Technical Specifications

• Storage Tank: 20L capacity, made of AISI 304 stainless steel, designed for water storage.

• Heating System: 3 kW electric heating element for temperature control.

• Heat Exchanger: Plate-type exchanger used for thermal regulation.

• Centrifugal Pumps: 2 pumps, each with a 4 m³/h capacity, for water circulation.

• Control Valves:

  • 2 pneumatic control valves with Cv = 2.5 for flow and pressure control.

  • 2 pneumatic control valves with Cv = 0.32 for more precise adjustments.

• Measurement Instruments:

  • Flow Rate: Differential-pressure transmitter (4-20 mA output) and variable-area flowmeter (0-1000 l/h range).

  • Level: Differential-pressure transmitter (0 to 500 mm H2O range, 4-20 mA output).

  • Pressure: Electronic pressure transmitter (0 to 2 bar, 4-20 mA output).

  • Temperature: Pt100 thermo-resistance for temperature measurement.

• PID Controller: A microprocessor-based controller with LCD display and serial card for PC connection.

• SCADA Software: Provides control and data acquisition, allowing for ON-OFF control, analog signal control, and real-time and historical trend monitoring.

System Components and Data Acquisition

• The SCADA software enables users to monitor real-time data, observe trends, and analyze historical data for further optimization and troubleshooting of the system.

• Users can control different process variables (flow rate, level, temperature, and pressure) and adjust PID parameters through the PID controller interface.

Summary of Use and Learning Goals

The Pressure and Temperature Module serves as an ideal training tool for understanding and experimenting with the principles of industrial process control.
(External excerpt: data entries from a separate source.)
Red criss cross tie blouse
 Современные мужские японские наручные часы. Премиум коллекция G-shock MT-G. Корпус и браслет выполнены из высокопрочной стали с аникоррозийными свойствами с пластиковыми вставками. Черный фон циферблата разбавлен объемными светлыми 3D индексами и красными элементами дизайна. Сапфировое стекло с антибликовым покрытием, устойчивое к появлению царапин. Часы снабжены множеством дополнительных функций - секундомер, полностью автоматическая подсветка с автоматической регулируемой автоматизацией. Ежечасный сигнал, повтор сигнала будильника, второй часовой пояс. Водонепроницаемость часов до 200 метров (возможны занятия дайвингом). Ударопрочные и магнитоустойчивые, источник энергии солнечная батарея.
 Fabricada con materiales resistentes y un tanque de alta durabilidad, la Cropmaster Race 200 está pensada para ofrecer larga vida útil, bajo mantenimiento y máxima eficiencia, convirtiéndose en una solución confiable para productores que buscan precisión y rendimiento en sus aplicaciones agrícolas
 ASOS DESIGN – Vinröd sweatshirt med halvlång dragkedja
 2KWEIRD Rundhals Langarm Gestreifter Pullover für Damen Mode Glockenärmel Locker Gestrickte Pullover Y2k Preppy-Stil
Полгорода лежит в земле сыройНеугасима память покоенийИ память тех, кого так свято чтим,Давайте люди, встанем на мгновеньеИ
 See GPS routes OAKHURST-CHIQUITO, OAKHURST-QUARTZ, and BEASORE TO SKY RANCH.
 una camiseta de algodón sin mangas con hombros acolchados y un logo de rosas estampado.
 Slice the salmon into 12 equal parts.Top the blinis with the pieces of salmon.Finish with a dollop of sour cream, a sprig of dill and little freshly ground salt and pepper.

It provides a comprehensive learning platform for students or engineers to:

• Explore multi-loop PID control for controlling several process variables simultaneously.

• Study the effects of PID tuning on system performance.
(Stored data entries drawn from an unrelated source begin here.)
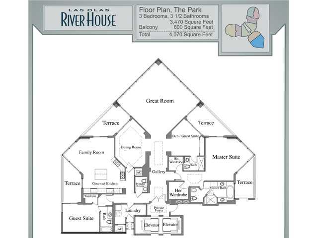Park unit,10' ceilings, 3,470' living space and 600' of balconies. Feel like you are living on the river and riverwalk. 180 degree view with four separate patios that touch the tree tops. Master bedroom features two walk-in closets, magnificent master ba th with Totto fixtures and tub. Marble floors throughout. Gourmet kitchen, Miele appliances, two subzero refigerators, double convection ovens, center island. One floor down and you are out the door and on the river! This is a concierge 5 star building.
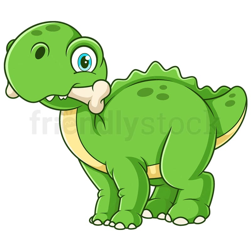 Dinosaur Dog Chewing Bone Vector Cartoon Clipart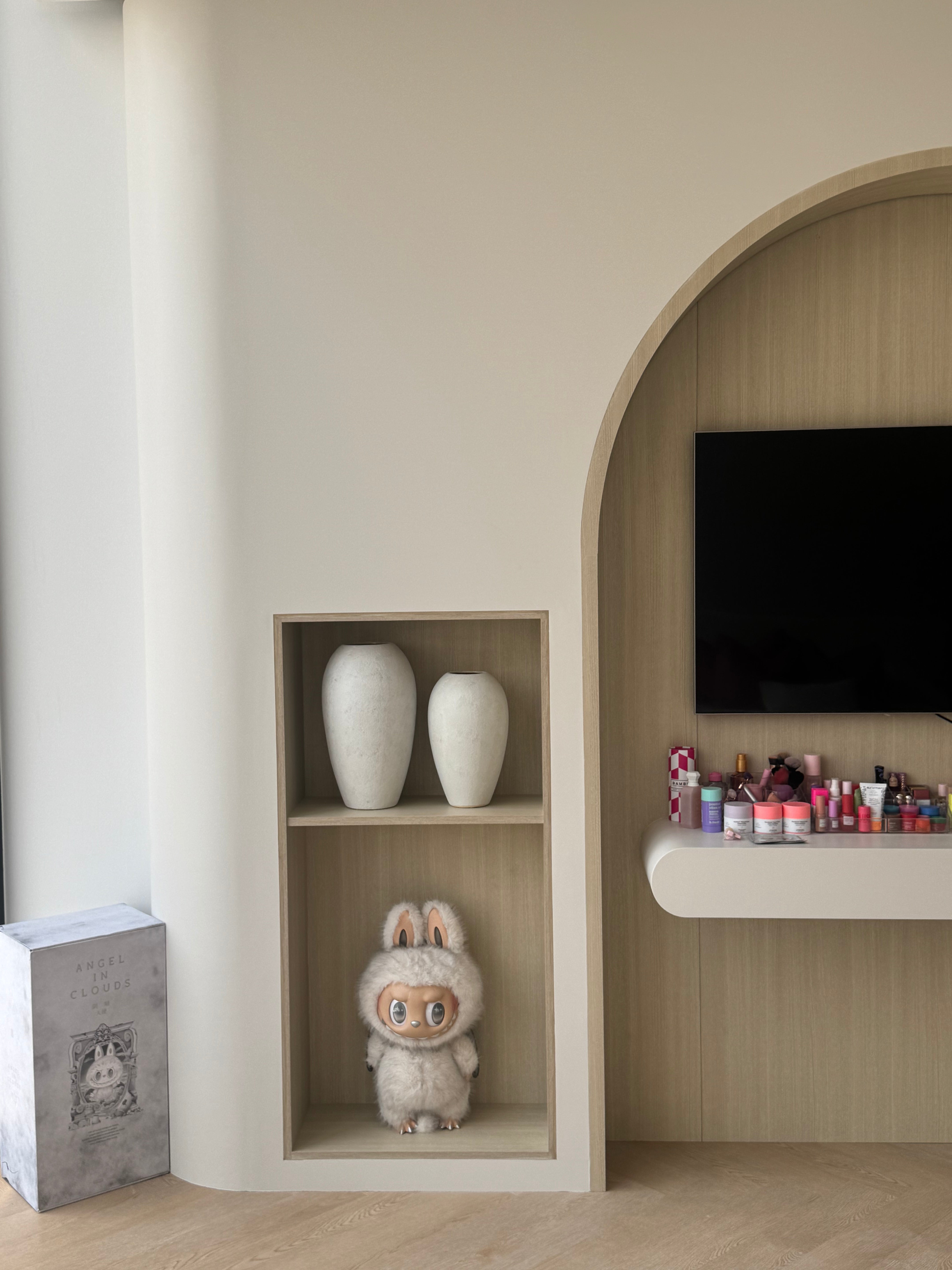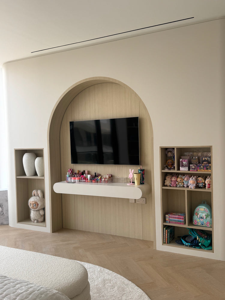 Thoughtfully designed shelving offers both open display and hidden storage, allowing you to showcase personal accents while maintaining an uncluttered aesthetic. The recessed lighting subtly highlights textures and adds depth, turning your media space into a sophisticated focal point.

• Gain hands-on experience with industrial-grade instruments like differential-pressure transmitters, flowmeters, and temperature sensors.

• Analyze system dynamics through real-time control and data acquisition using SCADA software.

• Learn practical skills in flow, level, temperature, and pressure control, critical for many industrial applications such as chemical processing, HVAC systems, and energy management.

This module is particularly useful in educational settings or technical training centers, where learners can get familiar with both the theoretical and practical aspects of process control systems.